Customers send back a substantial part of the products that they purchase online. Return shipping is expensive for online platforms and return orders are said to reach 50% for certain industries and products. Nevertheless, free or inexpensive return shipping has become a customer expectation and de-facto standard in the fierce online competition on clothing, but shops have indirect ways to influence customer purchase behavior. For purchases where return seems likely, a shop could, for example, restrict payment options or display additional marketing communication.

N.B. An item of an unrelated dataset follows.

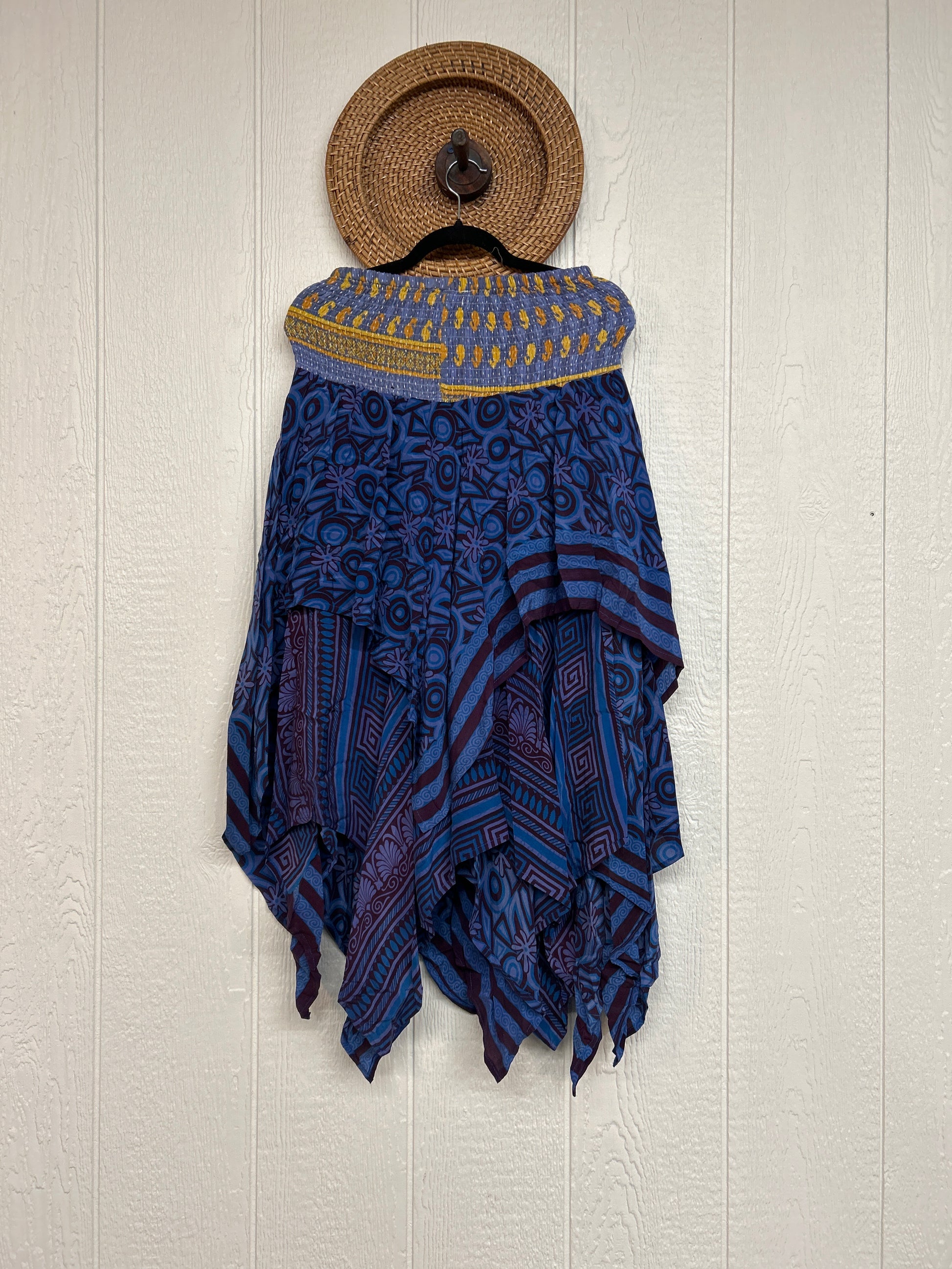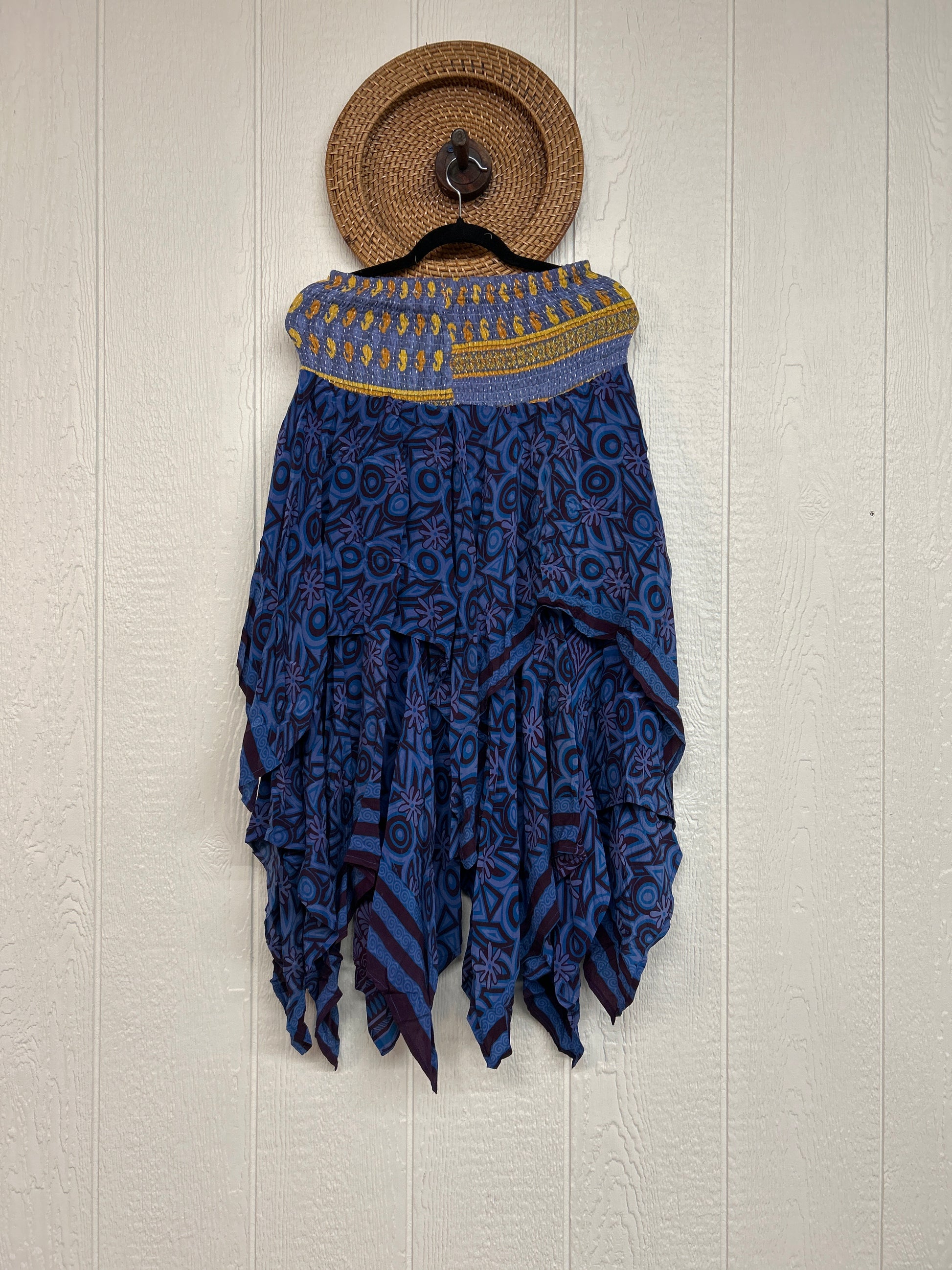 crafted from our ultra lux vintage crepe sari. Features a rock star asymmetrical hem and stretchy waistband. This versatile piece can be pulled up to be worn as a tunic!

For this assignment, you are provided with real-world data by an online retailer. Your task is to identify the items that are likely to be returned. When a customer is about to purchase a item, which is likely to be returned, the shops is planning to show a warning message. Your task is to build a targeting model to balance potential sales and return risk in order to optimize shop revenue. The data you receive is artificially balanced (1:1 ratio between returns and non-returns).

Evaluation

The evaluation metric for this competition is the Area-under-the-ROC-curve (AUC) based on the probability scores of your model. The model will be evaluated on the class dataset. To pass the assignment and qualify for the exam, a final AUC score of at least 0.68 on the public leaderboard is required. You can submit multiple predictions and improve your score until the end date of the competition.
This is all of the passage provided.